It quickly became apparent that most of the division's officers supported the Nationalists while the crews supported the Republicans, so the crews mutinied, established "ship's committees" of sailors with the power to choose their officers and direct the operations of their vessels, and placed most of the officers under arrest. Only two days into the operation, on 20 July, the submarine division entered the harbor at Málaga, where the division's commander, Capitán de fragata (Frigate Captain) Francisco Guimerá Bosch, and most of the other senior officers in the division were relieved of command and transferred to the prison ship Monte Toro. C-6′s commanding officer, Capitán de corbeta (Corvette Captain) Romero Carnero, was among those removed, and an alférez de navío (ship-of-the-line ensign) took command of the submarine. On 27 July 1936, all destroyers and submarines at Málaga deployed around Cádiz to intercept a Nationalist convoy that proved to be a decoy. Then C-6 and her sister ships , and C-3 received instructions to form a patrol arc along the coast of North Africa off the harbor at Ceuta to prevent the entrance of the Nationalist light cruiser , which had left Ferrol bound for the Strait of Gibraltar and was thought to be headed for Ceuta.

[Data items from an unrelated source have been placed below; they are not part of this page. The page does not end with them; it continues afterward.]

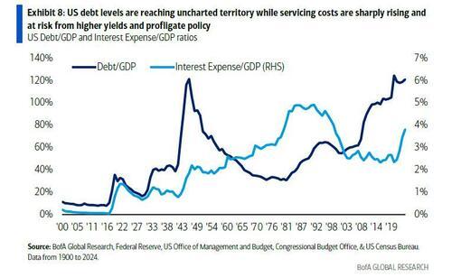 报告指出,美国债务/GDP 今天接近创纪录的 120%,而 1920 年代仅为 30%,甚至超过了二战高峰期。随着宏观不确定性和政策风险更高、更长时间的利率,以及潜在的政策转变风险更高的预算赤字(更高的债务服务成本放大赤字),风险是债券市场会反击。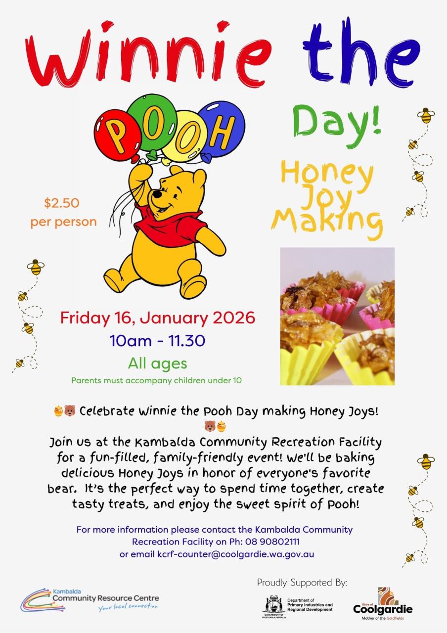 Join us at the Kambalda Community Recreation Facility for a fun-filled, family-friendly event! We'll be baking delicious Honey Joys in honor of everyone's favorite bear. It’s the perfect way to spend time together, create tasty treats, and enjoy the sweet spirit of Pooh!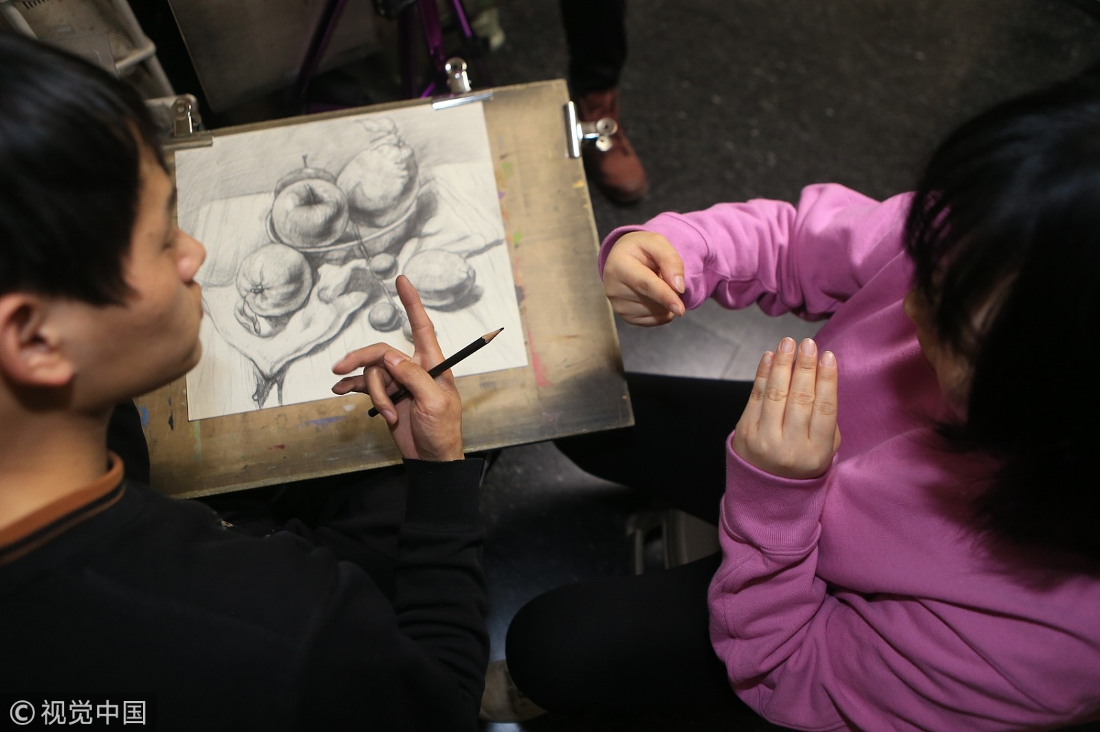 梦想如何照亮未来?今年34岁的许微笑和丈夫都是聋哑人,却用一间苦心经营了3年的画室作出了最漂亮的回答——在他们的培养下,上百名“无声孩子”从这里圆了艺术梦。(图片来源:视觉中国)

The need for experienced officers to command Republican submarines led to Romero Carnero's reinstatement as C-6′s commanding officer on 15 August 1936. That day, C-6 and C-3 got underway bound for the Cantabrian Sea along Spain's northern coast. C-3 suffered a mechanical breakdown that forced her to return to Cartagena, but C-6 continued alone and arrived at Gijón on 17 August 1936. While at Gijón, Romero received word that Almirante Cervera was anchored off the coast of Asturias and was bombarding Republican forces there. Rather than using this information to attack Almirante Cervera, Romero had C-6 get underway for San Sebastián, where the Nationalist battleship España reportedly was anchored off the coast. After Romero also failed to attack España, claiming that technical difficulties prevented it, C-6′s crew accused him of Nationalist sympathies, mutinied, and once again replaced him with the alférez de navío (ship-of-the-line ensign). The Republican government ordered C-6 to return to the Mediterreanean Sea.

On 1 September 1936, the president of C-6′s ship's committee, a torpedo boat commander, took command of C-6. C-6 departed that day for another deployment to Spain's northern coast, arriving at Gijón on 7 September 1936. On 2 October 1936, C-6, C-3 and C-4 again set out for the Mediterranean, with C-3 and C-4 reaching Málaga on 8 October and C-6 continuing on to Cartagena.

By the beginning of 1937, C-6 was based at Málaga. She was in port there when a Nationalist air raid killed her commanding officer on 2 January 1937. On 11 January she returned to Cartagena, avoiding an attack on Málaga by Nationalist warships.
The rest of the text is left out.